It's like a...
...different country here is Southern California. I want to move here...all I need is a source of independent wealth, idependent of my work product, that is. I'm thinking maybe finding a way to corner the market on some essential product out here is the way to an easy California life. Maybe twine for weed whackers or some coupe de commerce that gives me a stranglehold on the world's supply of flip flops....
The lady next door has a lemon tree in her back yard with lemons on it the size of...well...big lemons I guess. (Another opprtunity for hyperbolic excess is lost...alas, I am the victim and you are the beneficiary of a totally unexpected attack of restraint.)
Had a nice Viet Namese lunch of pho noodle soup...some of the best tripe and tendon I have ever slurped down.
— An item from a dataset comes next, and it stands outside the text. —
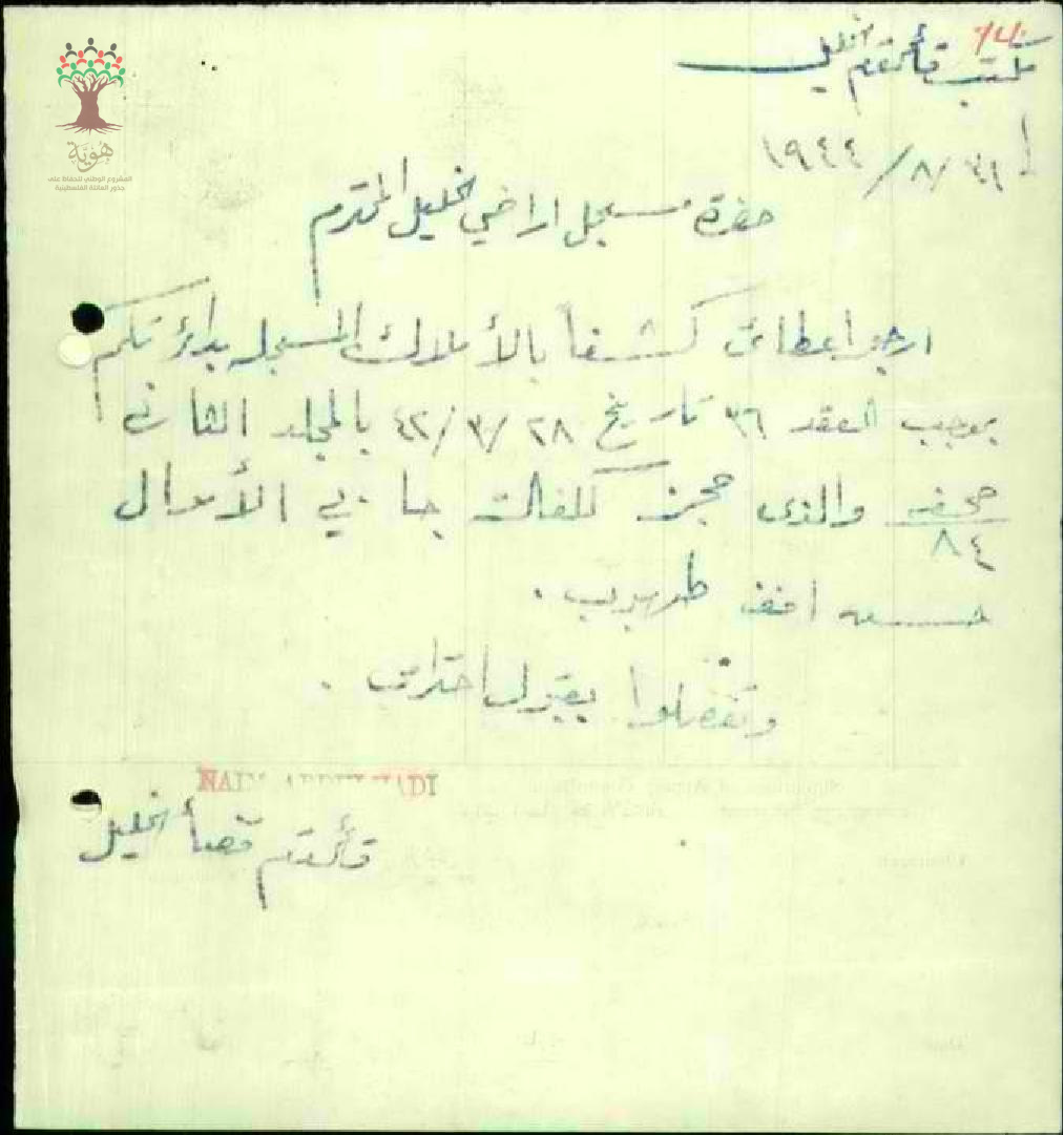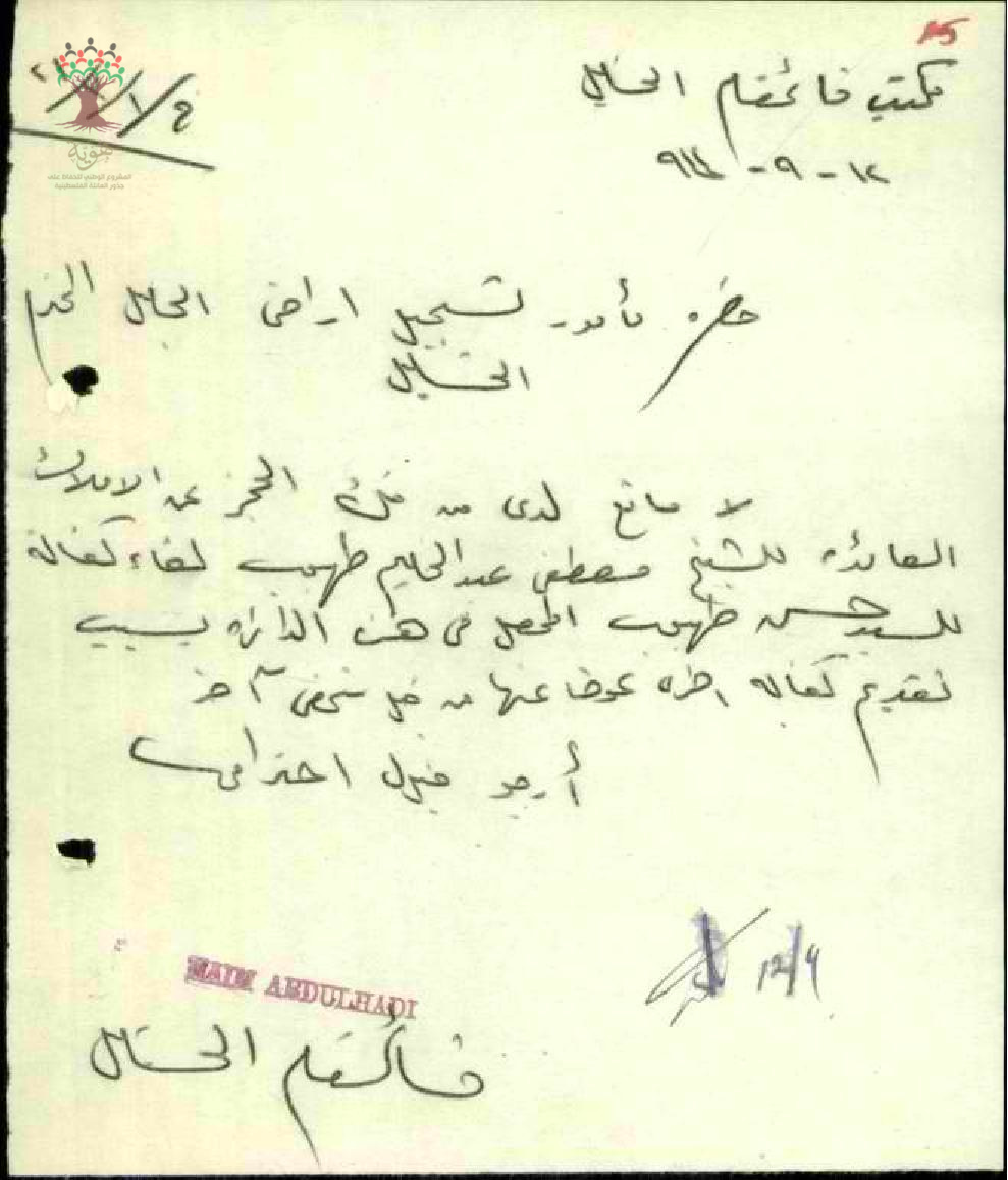 الشيخ مصطفى عبدالحليم طهبوب يطلب سحب كفالة حسن طهبوب بداعي بيع أملاكه للسيد اعرابي رمضان احريز من الخليل
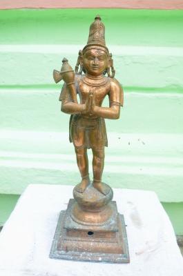 | Description / विवरण | Standing in abhanga posture on a padma peetam. Wearing jata makuta. 2 hands in anjalai pose. The parasu is rest on the right shoulder. Long ears. Lower garments. |

If you look around, you get the impression that they spend all their time washing their cars...haven't seen a dirty car yet and as for the pick up trucks, apparently no one out here is interested in "Cruisin' in memory of fill in the blank" anybody.
Met someone last night who once lived in someplace called "Rancho Cucamunga". How can anyone say that with a straight face? Or Pismo Beach either for that matter.
It's really intimidating for a reformed redneck from Virginia...
Just so you know, Pismo Beach is full of rednecks who also happen to wear flip-flops and drive trucks. On the beach. Seriously.
Posted by: ellie | 28 May 2006 at 06:08 PM
Well,you should add "pho noodle soup" to that list of what you can't say with a straight face, because if it sounds like it looks, ain't no way in heaven or hell you would get me to say it, let alone order it...I eat no one's poo, even if it is noodle poo.